今回取り上げる「PS」は、英語でPeritoneal surfaceと書き、日本語では「腹膜表面」を指します。お腹の中にある臓器を包んでいる薄い膜である「腹膜」の表面、という意味ですね。
消化器がん(特に胃がんや大腸がん)の診療において、がん細胞が腹膜に広がってしまう「腹膜播種」の評価や、手術時の腹膜の状態を指す際によく使われます。ちなみに、現場で「PS」と聞くと、がん患者さんの全身状態を表す指標「Performance Status(パフォーマンス・ステータス)」を思い浮かべる方が多いかもしれませんが、消化器内科の専門的な話の中では、この腹膜表面を指している場合があるため注意が必要です。
医療・介護現場での実際の使われ方・例文
電子カルテのサマリーや手術記録、医師同士の回診などで、以下のように使用されることがあります。文脈に合わせて「全身状態のことなのか」「腹膜の状態のことなのか」を見極めるのがコツです。

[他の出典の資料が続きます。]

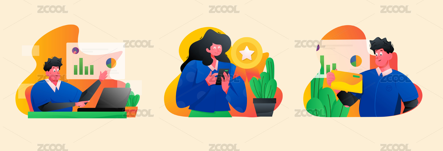 智能Ai機(jī)器人幫助人類工作學(xué)習(xí)場景插畫

- 「術中の開腹所見で、胃がんのPS(Peritoneal surface)への浸潤を詳しく評価する必要があるね」
- 「今回の内視鏡検査では、PSへの広がりは疑われないという判断で良いですか?」
- 「腹膜転移のリスクを考慮して、PSの所見を画像診断でも精査しよう」
「PS」の関連用語・現場での注意点
この用語を理解する上で併せて覚えておきたいのが、腹膜播種(ふくまくはしゅ)という言葉です。がん細胞が腹膜表面(Peritoneal surface)に散らばり、種をまいたように増殖してしまう状態を指します。

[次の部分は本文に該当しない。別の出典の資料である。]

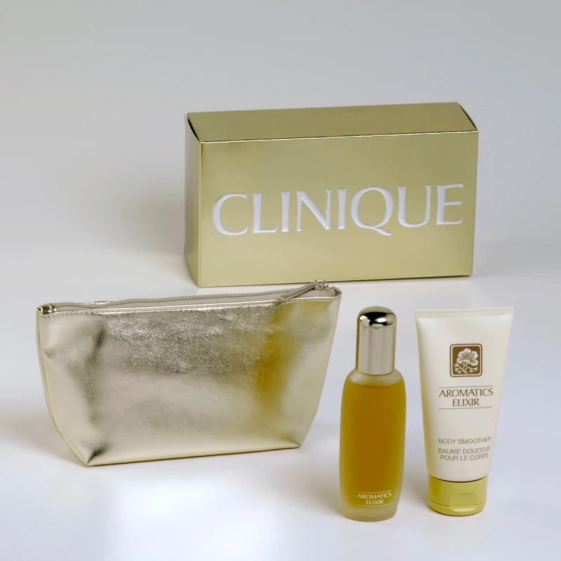 CLINIQUE AROMATICS ELIXIR ESSENTIALS Confezione contenente: Aromatics Elixir Profumo 45 ml spray Lozione Idratante per il corpo Aromatics Elixir 75 ml Trousse Dorata

新人スタッフが特に注意すべき点は、言葉の取り違えです。「今日は患者さんのPSはどう?」と聞かれたとき、それが「全身状態(Performance Status)」の0〜4のスコアを聞かれているのか、それとも「腹膜(Peritoneal surface)の病変」について聞かれているのか。周囲の会話やカルテの流れを確認し、迷った場合は必ず先輩や医師に「それは全身状態のことでしょうか?」と確認する勇気を持つことが、ミスを防ぐ最大の近道です。
まとめ:現場で役立つ「PS」の知識
最後に、今回のポイントを整理します。
- PSは文脈により「全身状態(Performance Status)」と「腹膜表面(Peritoneal surface)」の2通りの意味がある。
- 消化器内科で「腹膜」に関連する話題が出た際は、Peritoneal surfaceを指している可能性が高い。
- 用語の解釈に迷った時は、勝手に判断せず必ず周囲に確認を取る。
略語は現場の共通言語ですが、ときには誤解を招く原因にもなります。焦らず一つひとつ、その場面ではどういう意味で使われているのかを観察していきましょう。皆さんの日々の学びを応援しています!